Exclusive A GP practice identified as a target for the vulnerable practice fund has been closed down by the CQC while waiting for that support to materialise, Pulse has learned.
The Raynor Road Medical Centre in Wolverhampton was awaiting support from the £10m fund announced with the ‘new deal’ for general practice last year, but in the interim the CQC has closed it down.
The practice was a branch surgery since merging with Lockfield Surgery in Walsall which means patients can use either surgery, but the two surgeries are more than three miles apart, leaving around 3,000 patients without a local GP.
NHS England’s vulnerable practice scheme had identified around 800 practices across the country as being in need of support at the start of the year, but LMCs across the country have said that practices are not yet seeing material support.
Dr Uzma Ahmad, medical secretary for Walsall LMC, which helped identify the vulnerable practice, said it could have been saved if support had come through sooner.
She said: ’It is a branch practice of a practice which is in Walsall but it is in Wolverhampton. I know that it is in the list of vulnerable practices but I have learned that yesterday it was shut down by the CQC without prior notice. The patients were coming and the doors were shut.
’My concern is that this funding announced last year, we are just sitting and talking about it and [meanwhile] a practice has been shut down before the funding could reach it.
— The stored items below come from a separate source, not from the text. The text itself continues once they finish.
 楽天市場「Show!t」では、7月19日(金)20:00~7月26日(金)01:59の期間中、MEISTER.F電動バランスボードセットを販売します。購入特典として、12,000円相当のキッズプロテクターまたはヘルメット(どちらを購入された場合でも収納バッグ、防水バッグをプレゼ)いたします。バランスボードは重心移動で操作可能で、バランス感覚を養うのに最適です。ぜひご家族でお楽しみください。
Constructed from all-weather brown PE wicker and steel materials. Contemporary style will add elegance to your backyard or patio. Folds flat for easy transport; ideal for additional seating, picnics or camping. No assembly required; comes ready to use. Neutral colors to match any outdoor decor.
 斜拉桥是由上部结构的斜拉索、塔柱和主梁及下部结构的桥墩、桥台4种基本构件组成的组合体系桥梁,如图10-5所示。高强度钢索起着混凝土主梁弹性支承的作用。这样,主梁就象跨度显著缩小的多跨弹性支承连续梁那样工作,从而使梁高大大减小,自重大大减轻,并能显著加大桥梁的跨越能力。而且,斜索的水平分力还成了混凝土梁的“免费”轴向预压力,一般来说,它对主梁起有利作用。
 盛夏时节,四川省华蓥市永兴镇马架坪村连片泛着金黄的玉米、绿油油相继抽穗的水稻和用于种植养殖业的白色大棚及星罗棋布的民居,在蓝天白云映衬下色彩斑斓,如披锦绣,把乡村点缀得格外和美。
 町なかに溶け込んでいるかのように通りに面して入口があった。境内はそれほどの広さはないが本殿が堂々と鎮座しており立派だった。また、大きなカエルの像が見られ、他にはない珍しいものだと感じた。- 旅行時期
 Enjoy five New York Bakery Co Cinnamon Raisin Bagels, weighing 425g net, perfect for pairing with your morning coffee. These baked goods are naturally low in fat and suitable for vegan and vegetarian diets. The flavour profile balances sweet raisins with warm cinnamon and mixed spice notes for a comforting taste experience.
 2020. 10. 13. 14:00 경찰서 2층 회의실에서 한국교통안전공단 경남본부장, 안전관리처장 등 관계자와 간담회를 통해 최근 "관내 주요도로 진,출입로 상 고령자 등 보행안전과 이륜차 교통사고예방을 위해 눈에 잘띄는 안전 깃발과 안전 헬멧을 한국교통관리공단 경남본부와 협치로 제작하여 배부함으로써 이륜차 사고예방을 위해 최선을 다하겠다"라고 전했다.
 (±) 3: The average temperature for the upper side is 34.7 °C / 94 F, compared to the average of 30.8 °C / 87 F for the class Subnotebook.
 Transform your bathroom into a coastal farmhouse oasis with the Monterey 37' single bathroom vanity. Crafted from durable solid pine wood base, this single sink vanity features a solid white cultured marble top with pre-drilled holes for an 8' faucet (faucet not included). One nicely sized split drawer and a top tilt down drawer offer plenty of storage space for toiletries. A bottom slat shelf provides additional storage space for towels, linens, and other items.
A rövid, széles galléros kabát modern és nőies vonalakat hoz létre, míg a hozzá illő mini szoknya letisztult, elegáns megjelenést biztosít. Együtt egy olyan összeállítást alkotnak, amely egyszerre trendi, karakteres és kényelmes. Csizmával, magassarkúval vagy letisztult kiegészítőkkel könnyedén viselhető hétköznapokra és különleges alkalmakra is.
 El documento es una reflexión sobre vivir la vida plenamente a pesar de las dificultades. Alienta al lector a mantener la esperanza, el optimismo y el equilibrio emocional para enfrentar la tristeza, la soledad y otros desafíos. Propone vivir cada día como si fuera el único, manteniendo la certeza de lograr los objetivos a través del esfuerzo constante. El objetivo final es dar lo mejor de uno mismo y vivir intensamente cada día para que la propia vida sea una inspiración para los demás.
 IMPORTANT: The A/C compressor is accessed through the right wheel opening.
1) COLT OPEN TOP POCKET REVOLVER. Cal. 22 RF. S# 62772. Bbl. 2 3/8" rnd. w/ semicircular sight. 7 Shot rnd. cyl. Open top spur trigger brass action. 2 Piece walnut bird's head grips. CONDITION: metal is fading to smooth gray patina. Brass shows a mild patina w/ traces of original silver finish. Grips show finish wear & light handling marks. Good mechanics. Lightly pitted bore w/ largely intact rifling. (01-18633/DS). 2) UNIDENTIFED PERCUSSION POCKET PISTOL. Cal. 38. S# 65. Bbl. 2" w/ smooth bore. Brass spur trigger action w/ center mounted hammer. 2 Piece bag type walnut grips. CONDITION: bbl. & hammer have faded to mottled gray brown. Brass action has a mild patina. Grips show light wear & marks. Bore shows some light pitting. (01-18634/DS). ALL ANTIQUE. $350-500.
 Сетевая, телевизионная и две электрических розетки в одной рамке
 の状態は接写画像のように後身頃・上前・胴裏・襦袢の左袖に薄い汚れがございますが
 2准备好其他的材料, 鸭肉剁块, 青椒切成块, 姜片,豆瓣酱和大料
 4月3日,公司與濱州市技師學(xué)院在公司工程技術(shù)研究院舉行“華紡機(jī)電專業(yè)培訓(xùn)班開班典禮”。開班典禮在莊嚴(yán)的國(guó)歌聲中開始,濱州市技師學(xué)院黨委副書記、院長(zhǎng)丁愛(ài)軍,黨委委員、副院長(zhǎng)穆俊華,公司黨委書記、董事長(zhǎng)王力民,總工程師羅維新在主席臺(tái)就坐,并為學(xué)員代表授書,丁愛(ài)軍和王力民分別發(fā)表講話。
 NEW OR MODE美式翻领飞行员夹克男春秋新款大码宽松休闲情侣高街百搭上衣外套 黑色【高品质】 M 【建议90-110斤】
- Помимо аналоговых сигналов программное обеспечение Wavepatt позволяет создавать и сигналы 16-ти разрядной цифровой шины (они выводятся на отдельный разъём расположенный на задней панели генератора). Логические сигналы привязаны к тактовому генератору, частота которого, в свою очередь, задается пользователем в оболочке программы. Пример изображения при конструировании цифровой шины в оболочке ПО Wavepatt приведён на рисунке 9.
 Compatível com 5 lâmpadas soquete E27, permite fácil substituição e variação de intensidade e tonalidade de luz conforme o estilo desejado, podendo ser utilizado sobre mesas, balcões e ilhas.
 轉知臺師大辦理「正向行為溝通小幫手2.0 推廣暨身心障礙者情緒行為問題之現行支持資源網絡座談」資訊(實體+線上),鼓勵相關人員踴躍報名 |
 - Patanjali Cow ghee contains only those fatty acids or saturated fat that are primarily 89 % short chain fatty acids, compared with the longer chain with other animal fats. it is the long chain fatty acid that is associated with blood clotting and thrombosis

I think that is a real failing on behalf of NHS England.’
Asked whether the practice could had been saved if help had come sooner, Dr Ahmad said: ’I believe so, because the concerns were there something could have been done to save that practice.
The news comes as NHS England has yet to launch the tender for the support framework for vulnerable practices, which is now expected this month.
In a letter to regional teams in December, NHS England had said it hoped to have the framework up and running within ‘3-6 months’.
The letter said prospective providers could include ’good local practices, GP federations, LMCs or wider primary care organisations who are able to organise and deliver a peer support offer’.
It said that in some instances ’specialist advice and support might be able to be delivered by a range of different types of providers’, which NHS England told Pulse could include ’things like IT services or finance management support’.
The spokesperson also said that a prior information notice will be published next week to inform potential providers of the upcoming tender process.
NHS England chief executive Simon Stevens has defended the Government’s support measures for general practice against criticism that they were taking too long to materialise.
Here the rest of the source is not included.